MATERIAL FOR THE TASK below:

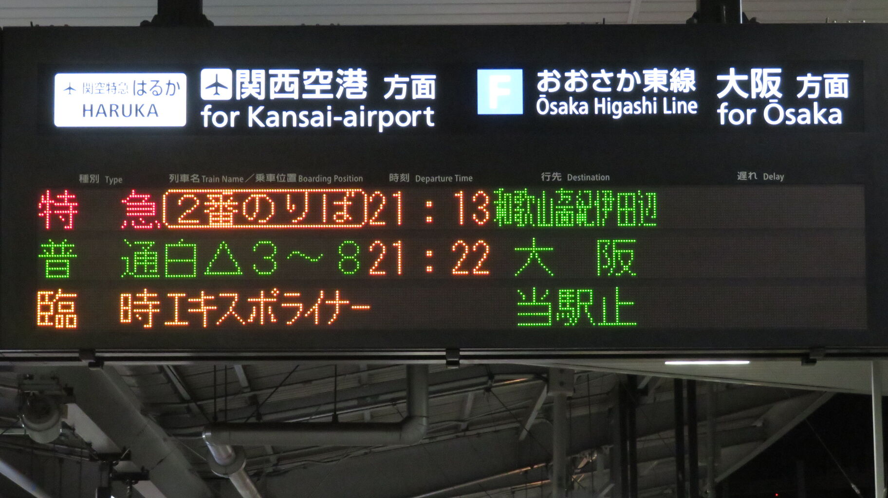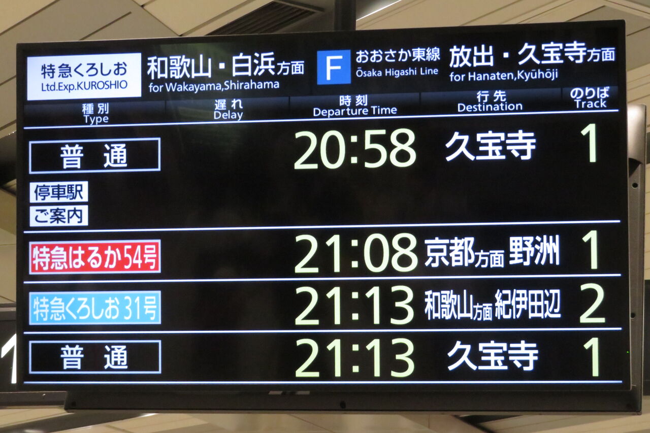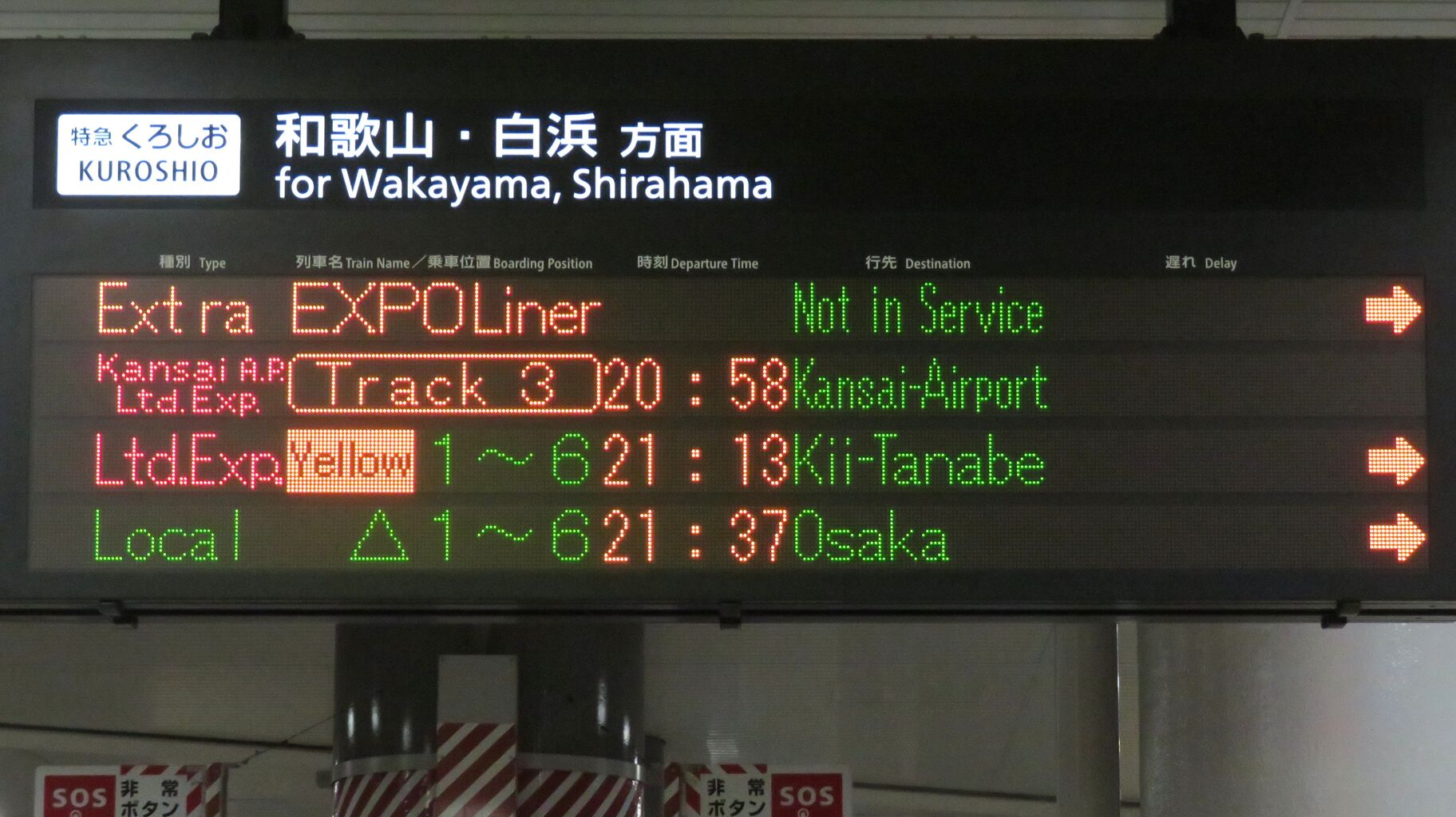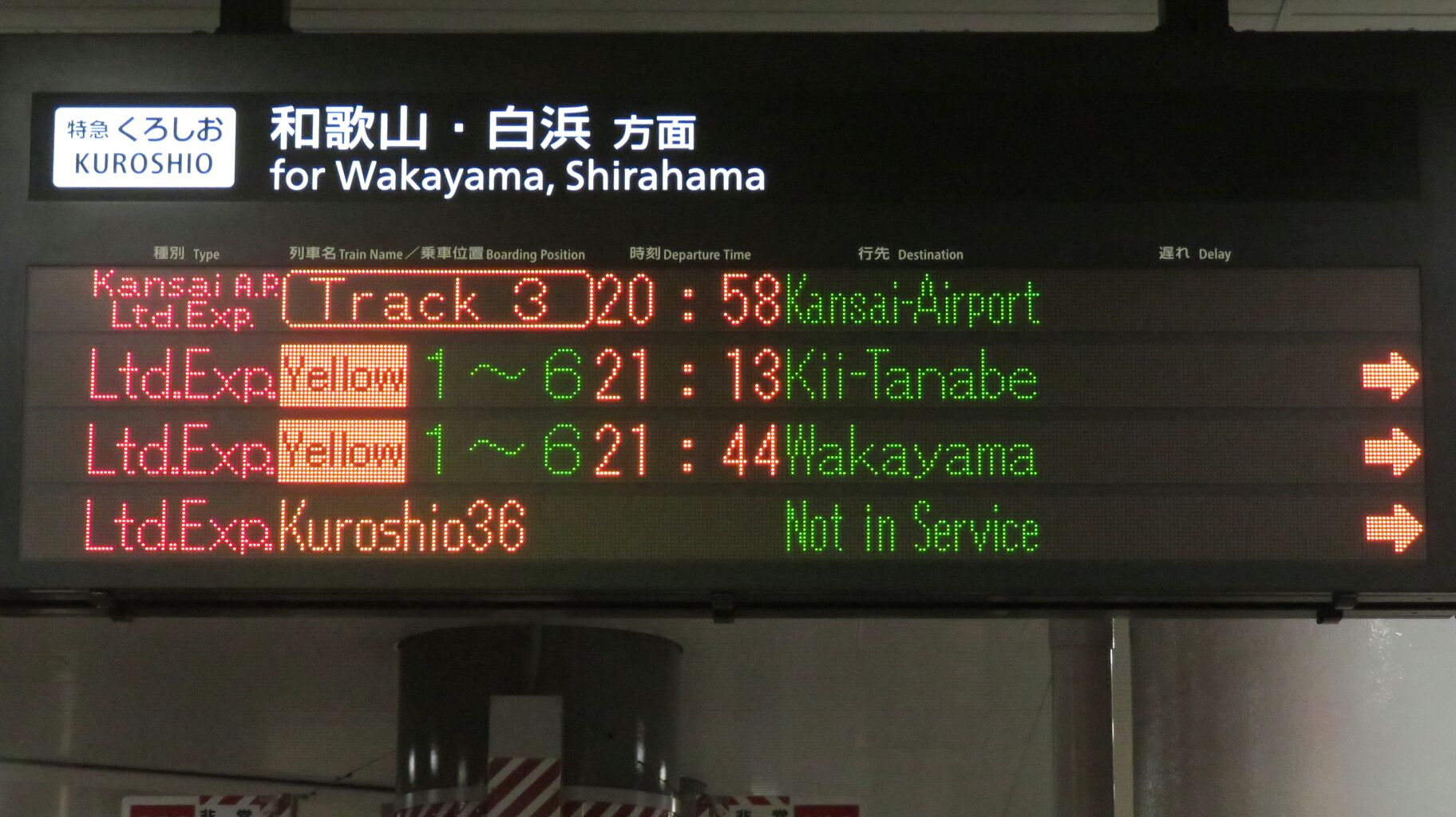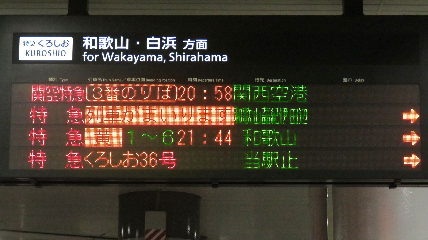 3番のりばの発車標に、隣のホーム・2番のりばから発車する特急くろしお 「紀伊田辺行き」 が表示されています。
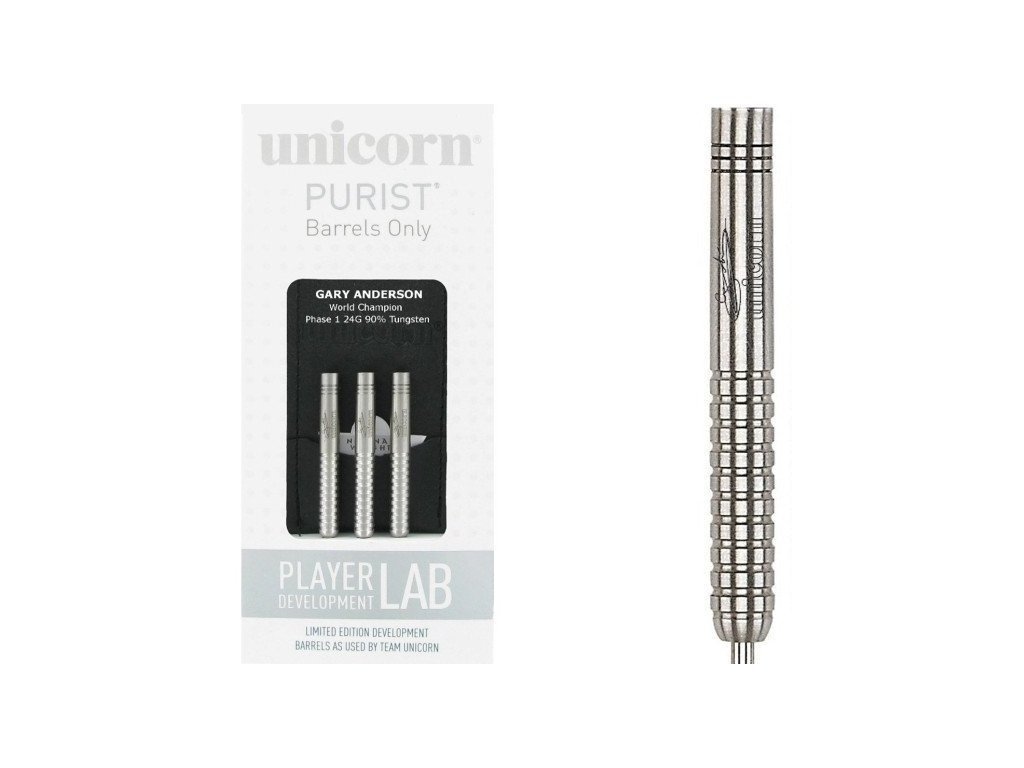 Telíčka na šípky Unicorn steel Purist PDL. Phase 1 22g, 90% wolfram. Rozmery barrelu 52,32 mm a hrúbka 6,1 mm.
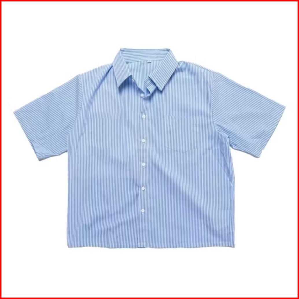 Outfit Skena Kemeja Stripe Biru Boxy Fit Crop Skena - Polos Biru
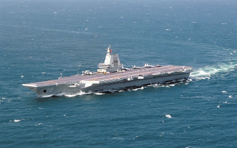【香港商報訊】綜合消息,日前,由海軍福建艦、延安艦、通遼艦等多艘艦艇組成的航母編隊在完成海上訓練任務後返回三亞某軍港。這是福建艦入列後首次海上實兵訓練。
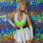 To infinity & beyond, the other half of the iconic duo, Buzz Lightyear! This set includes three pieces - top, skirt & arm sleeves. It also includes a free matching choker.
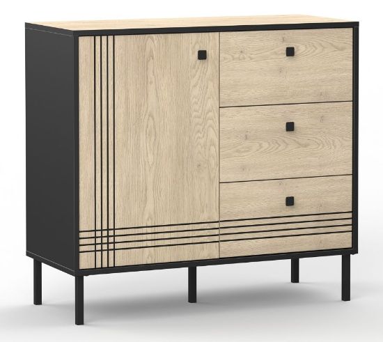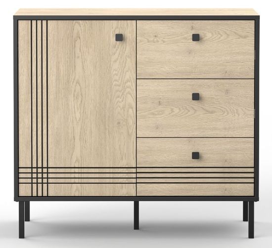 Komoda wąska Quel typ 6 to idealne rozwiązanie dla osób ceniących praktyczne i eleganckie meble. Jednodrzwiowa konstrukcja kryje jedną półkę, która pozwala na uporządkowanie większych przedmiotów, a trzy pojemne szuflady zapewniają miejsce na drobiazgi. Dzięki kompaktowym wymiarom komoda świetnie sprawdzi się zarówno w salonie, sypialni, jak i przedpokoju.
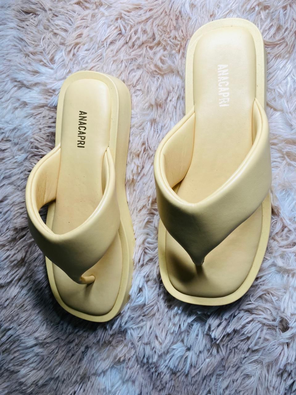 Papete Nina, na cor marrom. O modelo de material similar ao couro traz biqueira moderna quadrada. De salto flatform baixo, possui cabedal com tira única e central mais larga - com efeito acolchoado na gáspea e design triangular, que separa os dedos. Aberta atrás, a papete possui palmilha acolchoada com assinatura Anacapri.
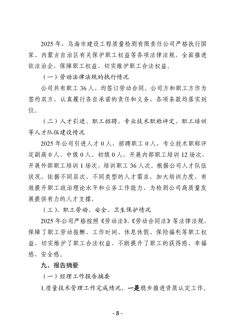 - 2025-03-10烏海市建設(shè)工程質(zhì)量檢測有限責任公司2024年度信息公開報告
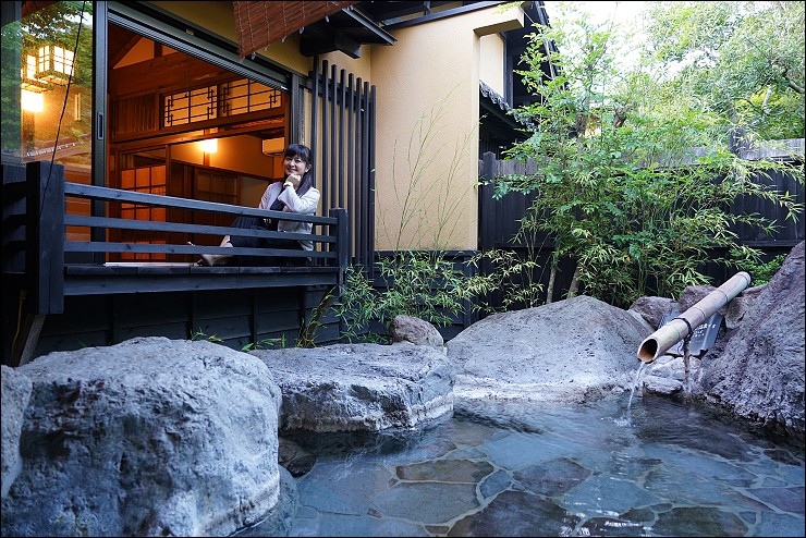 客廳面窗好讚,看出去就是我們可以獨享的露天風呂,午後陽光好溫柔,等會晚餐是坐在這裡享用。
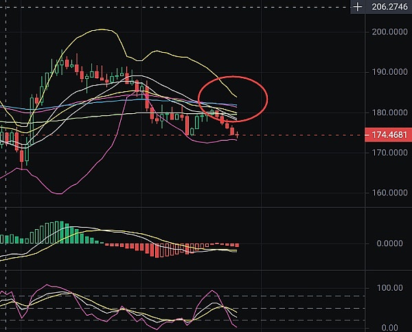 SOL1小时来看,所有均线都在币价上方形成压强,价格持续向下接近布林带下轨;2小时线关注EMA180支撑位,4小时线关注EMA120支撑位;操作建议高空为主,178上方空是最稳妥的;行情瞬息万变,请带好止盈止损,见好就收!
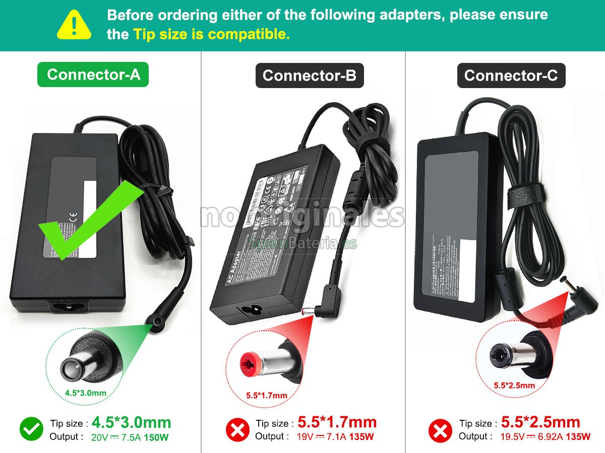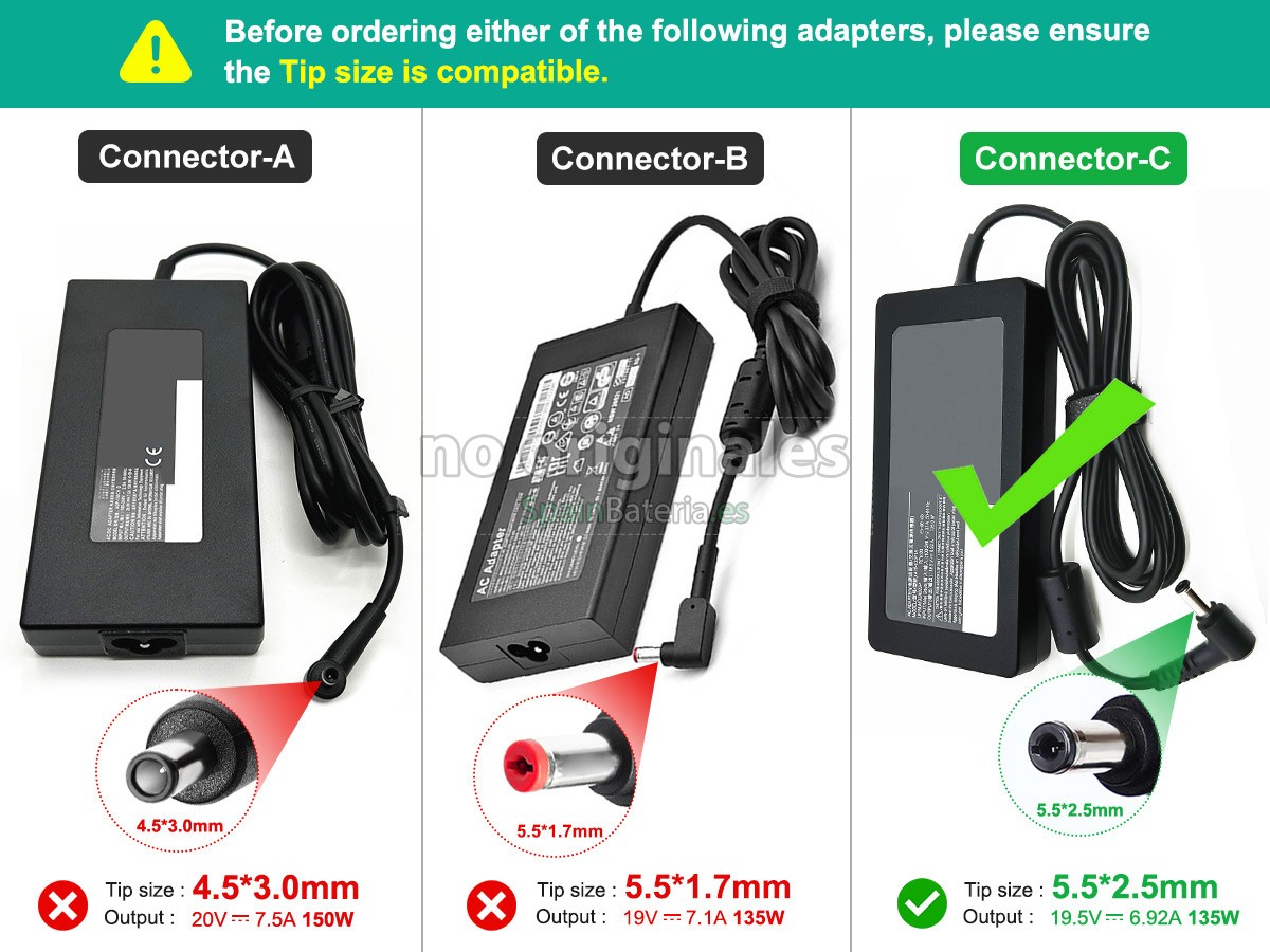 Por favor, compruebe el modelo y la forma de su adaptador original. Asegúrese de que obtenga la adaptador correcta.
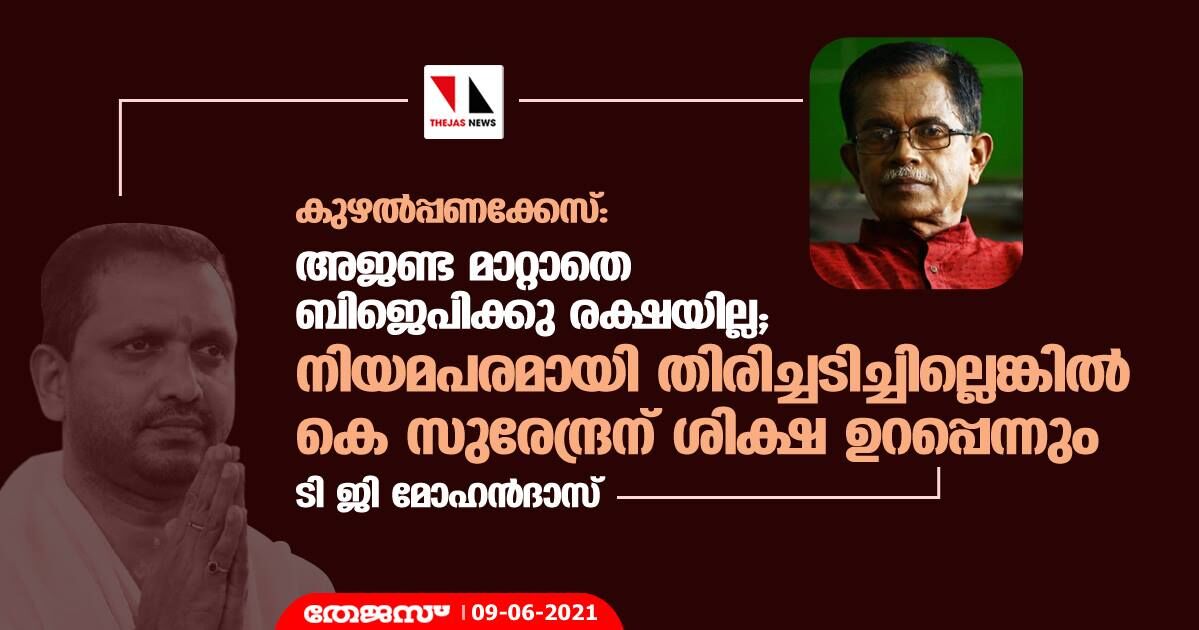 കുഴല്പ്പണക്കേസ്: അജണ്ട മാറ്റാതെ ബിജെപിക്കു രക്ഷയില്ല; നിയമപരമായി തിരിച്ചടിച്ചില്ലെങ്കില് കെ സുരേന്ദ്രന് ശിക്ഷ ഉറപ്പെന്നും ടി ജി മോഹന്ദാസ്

End of MATERIAL FOR THE TASK.

All lines from the line with "Komoda wąska Quel" through the final line of the data, both included, are to be repeated exactly; no other lines and no pictures.

 Komoda wąska Quel typ 6 to idealne rozwiązanie dla osób ceniących praktyczne i eleganckie meble. Jednodrzwiowa konstrukcja kryje jedną półkę, która pozwala na uporządkowanie większych przedmiotów, a trzy pojemne szuflady zapewniają miejsce na drobiazgi. Dzięki kompaktowym wymiarom komoda świetnie sprawdzi się zarówno w salonie, sypialni, jak i przedpokoju.
 Papete Nina, na cor marrom. O modelo de material similar ao couro traz biqueira moderna quadrada. De salto flatform baixo, possui cabedal com tira única e central mais larga - com efeito acolchoado na gáspea e design triangular, que separa os dedos. Aberta atrás, a papete possui palmilha acolchoada com assinatura Anacapri.
 - 2025-03-10烏海市建設(shè)工程質(zhì)量檢測有限責任公司2024年度信息公開報告
 客廳面窗好讚,看出去就是我們可以獨享的露天風呂,午後陽光好溫柔,等會晚餐是坐在這裡享用。
 SOL1小时来看,所有均线都在币价上方形成压强,价格持续向下接近布林带下轨;2小时线关注EMA180支撑位,4小时线关注EMA120支撑位;操作建议高空为主,178上方空是最稳妥的;行情瞬息万变,请带好止盈止损,见好就收!
 Por favor, compruebe el modelo y la forma de su adaptador original. Asegúrese de que obtenga la adaptador correcta.
 കുഴല്പ്പണക്കേസ്: അജണ്ട മാറ്റാതെ ബിജെപിക്കു രക്ഷയില്ല; നിയമപരമായി തിരിച്ചടിച്ചില്ലെങ്കില് കെ സുരേന്ദ്രന് ശിക്ഷ ഉറപ്പെന്നും ടി ജി മോഹന്ദാസ്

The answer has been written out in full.